Nazarov reaction: Development towards asymmetric cyclopentannelation using chiral auxiliaries and metal catalysis

Five-membered rings are common structural motifs in many important natural products. In general, the synthesis of highly functionalized five-membered rings, particularly with stereocontrol, is not as highly developed as that for six-membered rings. Thus, the pursuit of new methodologies towards this end is of great importance in synthetic chemistry. While there are several strategies for making five-membered rings, the Nazarov reaction is one that is particularly efficient in installing multiple stereogenic centers through a single operation. This thesis describes some recent progress for this reaction.;In Chapter 1, the Nazarov reaction is introduced. A mechanism of the reaction is first described and a discussion of recent advances follows. The recent advances are discussed in the context of new variations of the reaction and the pioneering work towards asymmetric cyclopentannelation.;In Chapter 2, we discuss how the synthesis and screening of a number of sugar-derived auxiliaries have paved the way to two superior chiral auxiliaries for the allene and the optimization of the reaction conditions for the Nazarov cyclization.
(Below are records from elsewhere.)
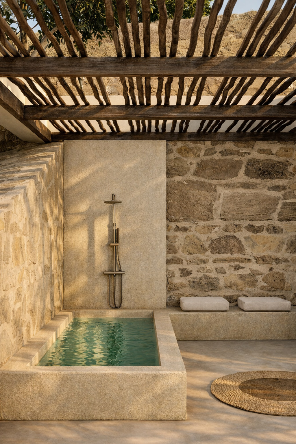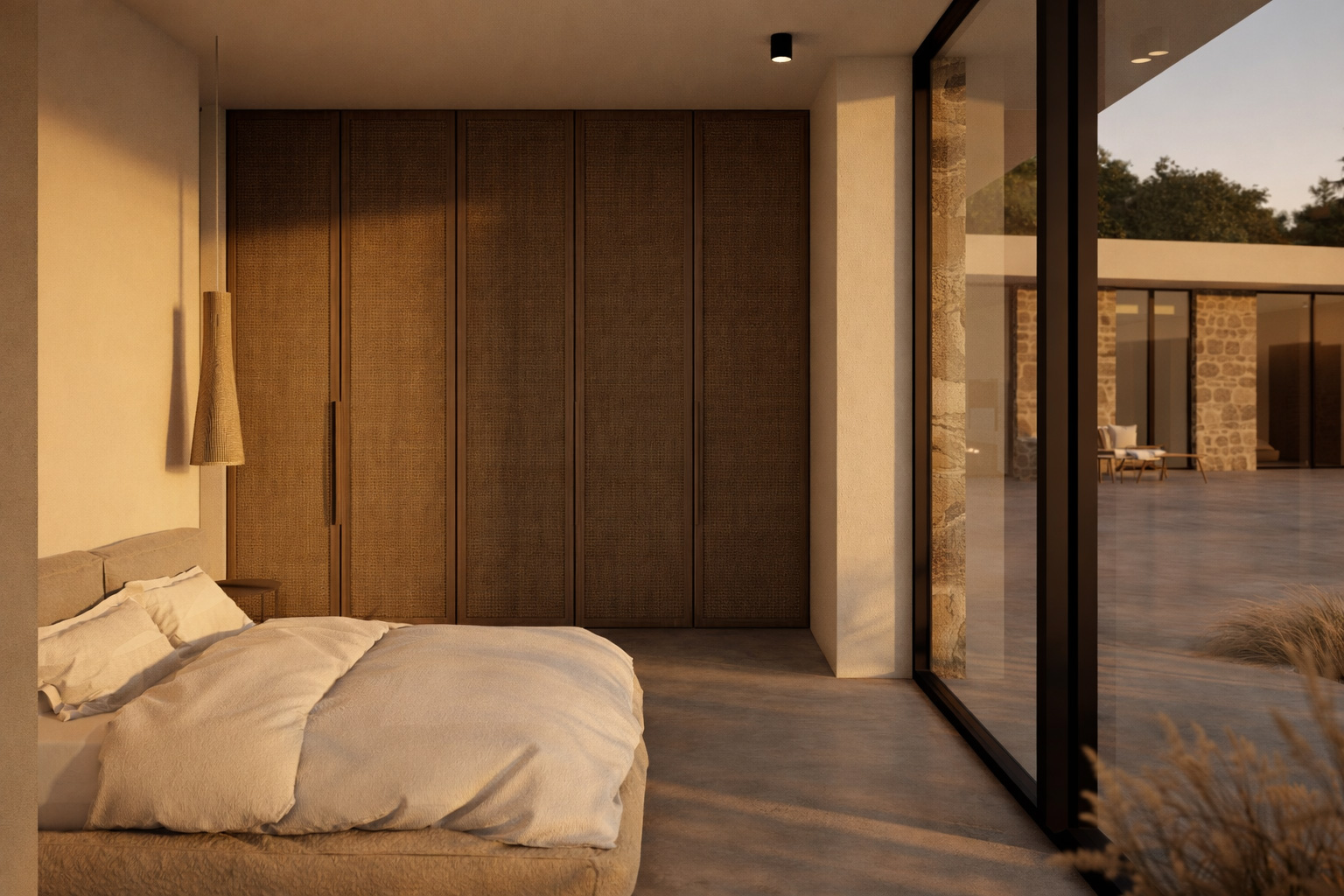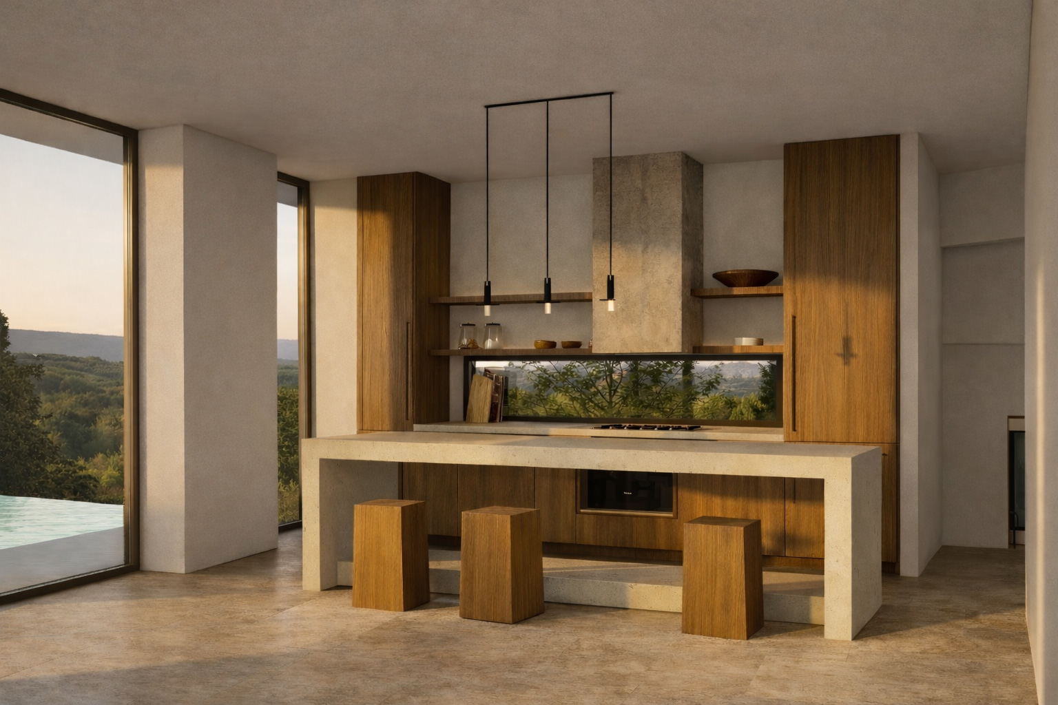 Inside and out, a cement‑toned industrial floor is used, while the walls and ceilings are finished in traditional white plaster. Both the fixed and movable furnishings, as well as the exterior pergolas, are made of natural wood, reinforcing the use of natural materials throughout.
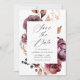 Elegant fall-themed save the date featuring watercolor autumn flowers and foliage in shades of burgundy, marsala, purple, orange, and brown. "Save the Date" is displayed in a modern calligraphy script with your names and wedding details shown below. The back of the card displays your full-bleed, vertical engagement photo. The fall floral save the date coordinates with our Rustic Autumn Floral wedding collection.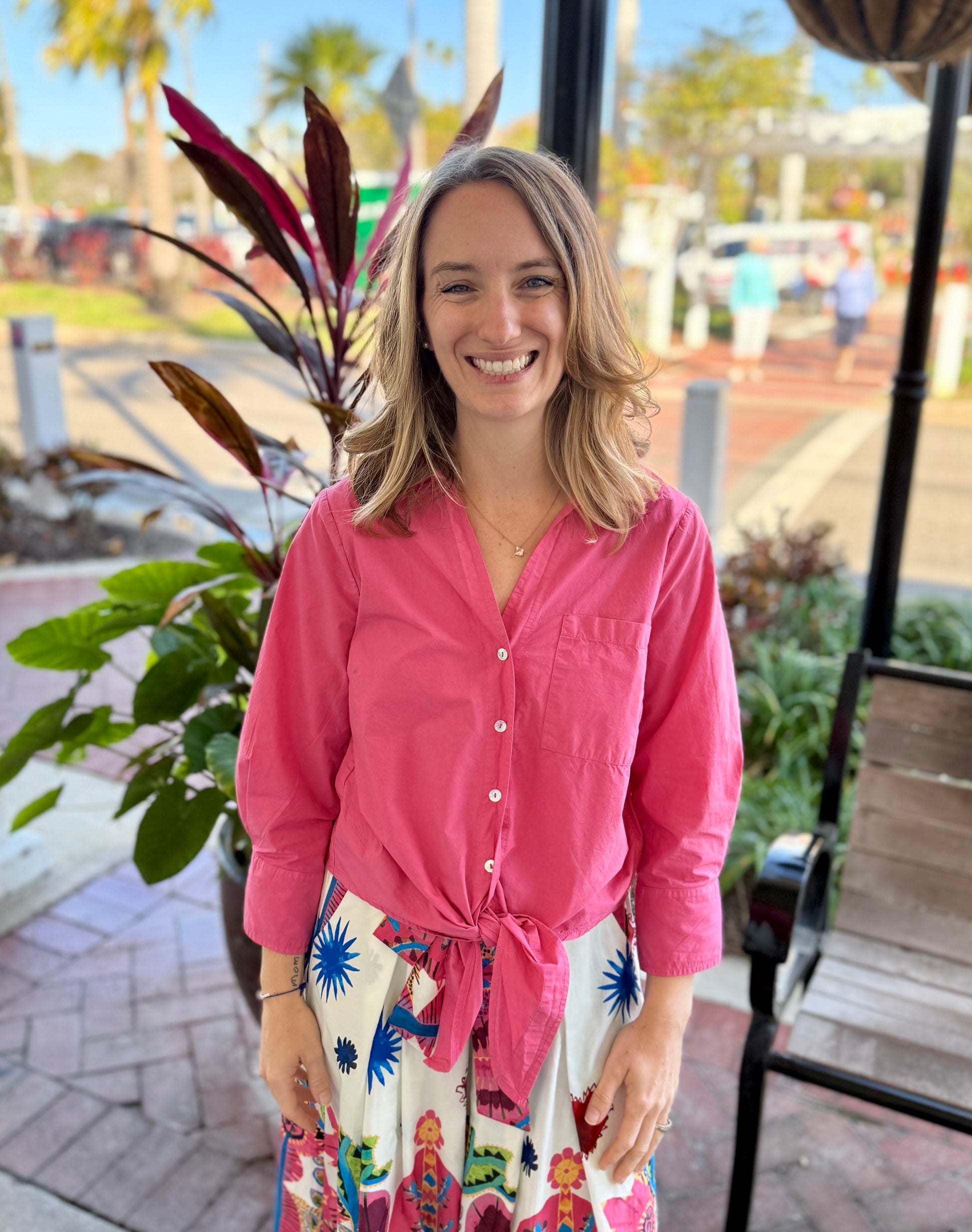 A fun and stylish button down improved by adding the tie bottom detail! Enjoy your day in this wonderful top!

The scope of each sugar-derived allene under the optimized conditions has been demonstrated through their reactions with a variety of morpholino enamides and in one case, an alpha,beta-unsaturated butyrolactone. Additionally, we report a more detailed, well-substantiated mechanistic hypothesis for the asymmetric allenyl ether Nazarov reaction that rationalizes the stereochemical outcome of our products. This model will aid in the design of simpler chiral allenyl ethers with non-sugar based scaffolds.;In Chapter 3, we describe a triply-convergent cyclopentannelation reaction. This work is an extension of an existing methodology developed by our group that expands the scope and versatility of our allenyl ether Nazarov reaction.;Lastly, in Chapter 4 we discuss ongoing work towards the development of a catalytic asymmetric Nazarov cyclization. Two approaches are described using alpha-alkoxy-substituted divinyl ketones. In the first approach, asymmetry is introduced through the use of chiral oxophilic Lewis acids. In the second approach, chiral ligands are employed as a means for transferring chiral information in our unique palladium(II)-catalyzed Nazarov reaction.